Dataset content ->

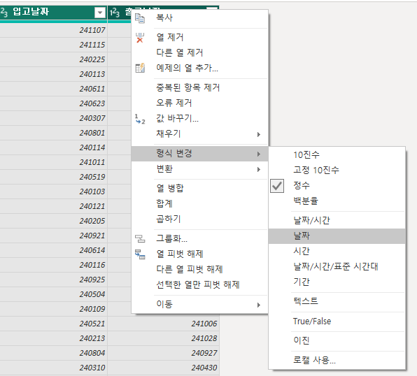 동일한 방법으로 출고날짜까지 바꾸어 주면, 숫자 형식을 날짜 형식으로 바꿀 수 있습니다.
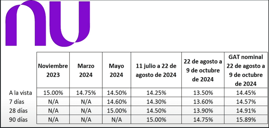 La SOFIPO más famosa hasta el momento es Nu, que comenzó con una atractiva tasa del 15% a la vista con liquidez 24/7.
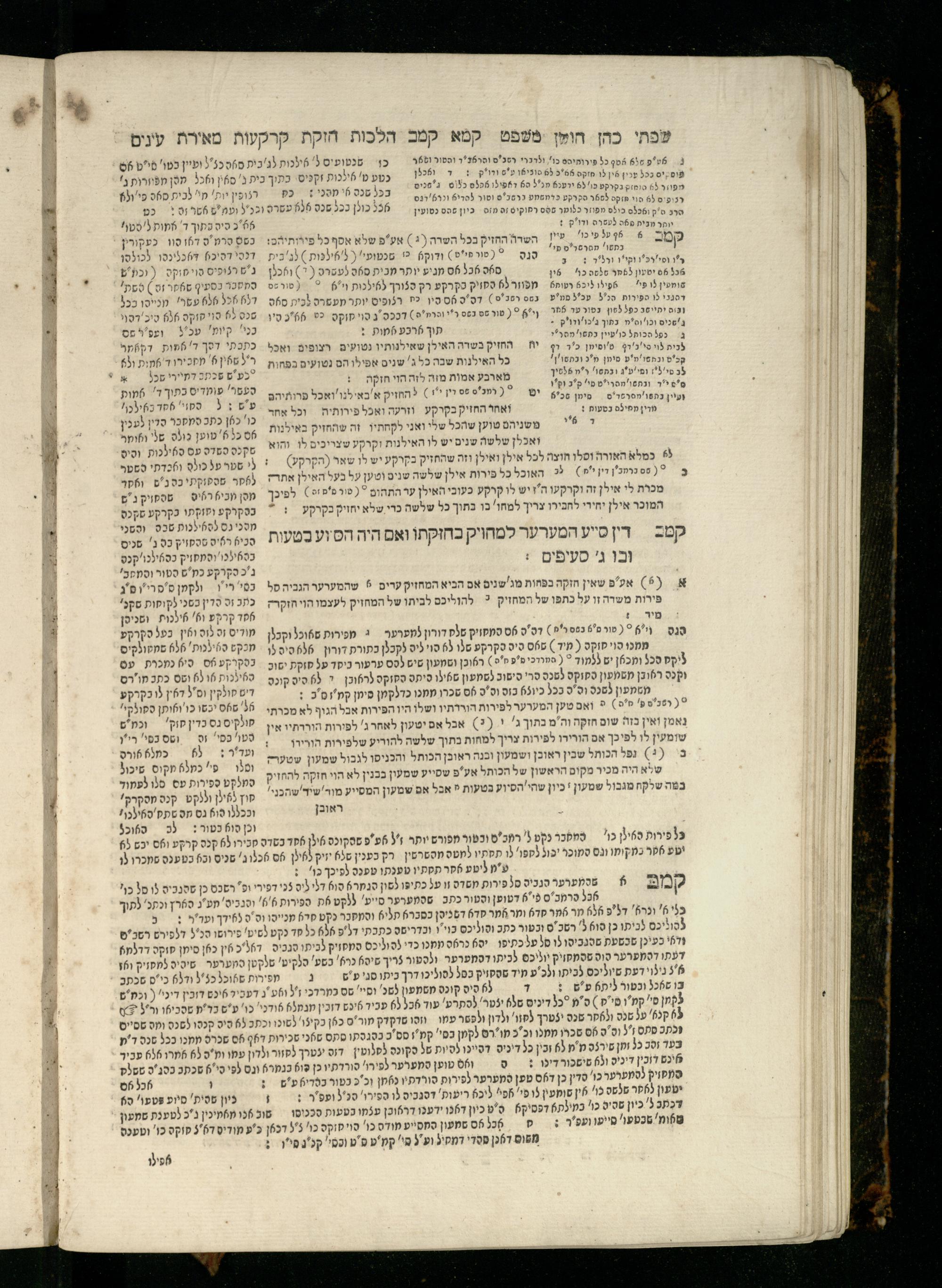 Sefer Torat kohanim : Shulḥan ʿarukh mi-ṭur Ḥoshen mishpaṭ : ʿim ha-beʾurim h.h. Meʾirat ʿenayim ṿe-Śifte kohen ; ... ṿe-hagahotaṿ ... Yosef Ḳaro z.l. ṿe-m.v.h.r.r. Mosheh Iserlez z.l. ...ספר תורת כהנים : שלחן ערוך מטור חשן משפט ; עם הביאורים ה״ה מאירת עינים ושפתי הכן ... והגהותיו מוהר״ר יוסף קארו ז״ל ומוהר״ר משה איסרלז ז״ל ...
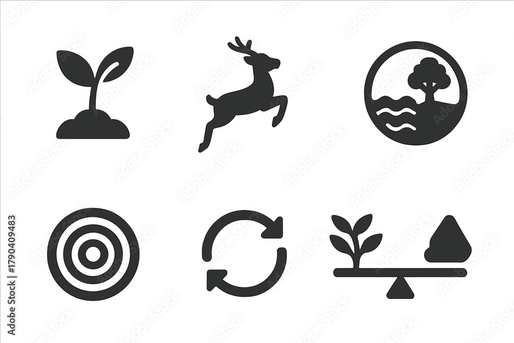 Rewilding Icons. Solid style icons of rewilding efforts in fallout zones: plant sprout glyph, animal return icon, ecosystem badge. #1790409483

Task item -> Reproduce the material in full, word for word, and omit the pictures.

Response to this exercise ->
 동일한 방법으로 출고날짜까지 바꾸어 주면, 숫자 형식을 날짜 형식으로 바꿀 수 있습니다.
 La SOFIPO más famosa hasta el momento es Nu, que comenzó con una atractiva tasa del 15% a la vista con liquidez 24/7.
 Sefer Torat kohanim : Shulḥan ʿarukh mi-ṭur Ḥoshen mishpaṭ : ʿim ha-beʾurim h.h. Meʾirat ʿenayim ṿe-Śifte kohen ; ... ṿe-hagahotaṿ ... Yosef Ḳaro z.l. ṿe-m.v.h.r.r. Mosheh Iserlez z.l. ...ספר תורת כהנים : שלחן ערוך מטור חשן משפט ; עם הביאורים ה״ה מאירת עינים ושפתי הכן ... והגהותיו מוהר״ר יוסף קארו ז״ל ומוהר״ר משה איסרלז ז״ל ...
 Rewilding Icons. Solid style icons of rewilding efforts in fallout zones: plant sprout glyph, animal return icon, ecosystem badge. #1790409483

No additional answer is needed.